Never Ever Give Logan M'n'Ms
by Glastea
Summary: A hypothesis on the subject of Logan and M'n'Ms, mixed, and if you add Scott into the mix... pure silliness on a stick.
1. Part I

**Never. Ever. Give Logan M'n'Ms.**

Another fic that can only be summarised with the words 'Oh. Dear.' Yet another challenge from the same friend that gave me the (somewhat literal) plot bunny for 'The Infestation', which is lurking around here somewhere. It amused me far too much not to be written up and uploaded, so here we are now.

Enjoy: and do tell me if you like it. It seems to have a good effect on people from those I've tested so far.

**0-0-0-0-0**

Professor,

Sorry to bother you and everything (I'm sure you have much more important things to do,) but this is somewhat urgent. It concerns Logan, but has nothing to do with my motorcycle, I assure you. She's been securely chained to the garage wall- well, for the moment, anyway.

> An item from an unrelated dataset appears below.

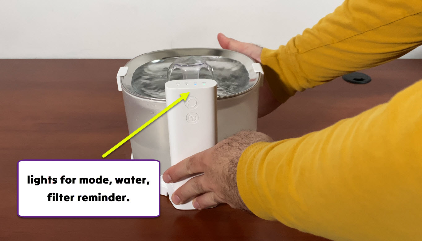 Our Elfin Fountain was a breeze to set up. It came with a sleek base and removable components, so you can clean everything fast. The filter is easy to install and takes care of hair and other particles. To turn on the fountain, you have to press the button on the back of the base. There are two modes for you to choose from: Timer & Intelligent. In timer mode, water is given to your pets for 20 seconds every 15 minutes.

As you may or may not know, the Wookie (for want of a better term) came back yesterday, just after you'd left. As well as his usual 'flirt with Jean just to annoy Summers' routine, he somehow managed to have most of the student population (that is, the female side) at his feet, and they dragged him off into the Rec Room to do something or other (which I ignored completely, so I don't know what; I was more concerned with providing my Harley with adequate protection.)

Two hours later, with help from peanut M'n'Ms and soda, he's running around the mansion completely in the land of the fairies.

It was funny, until he tried to kiss me.

You try being chased around the mansion by a furball who's telling you how much he loves you in front of your fiancée and the rest of the students (all of which apparently have bets going on whether he'll catch me or not.) I'm not a homophobe or anything, but this is highly disconcerting, sir. Quite frankly, I have no idea what to do.

Which leads me smartly on to my current situation. After he tried to forcibly drag me into his bedroom by the waist, I thereabout managed to escape, grab my laptop and a torch, and as I type this I'm lying inside one of the air vents.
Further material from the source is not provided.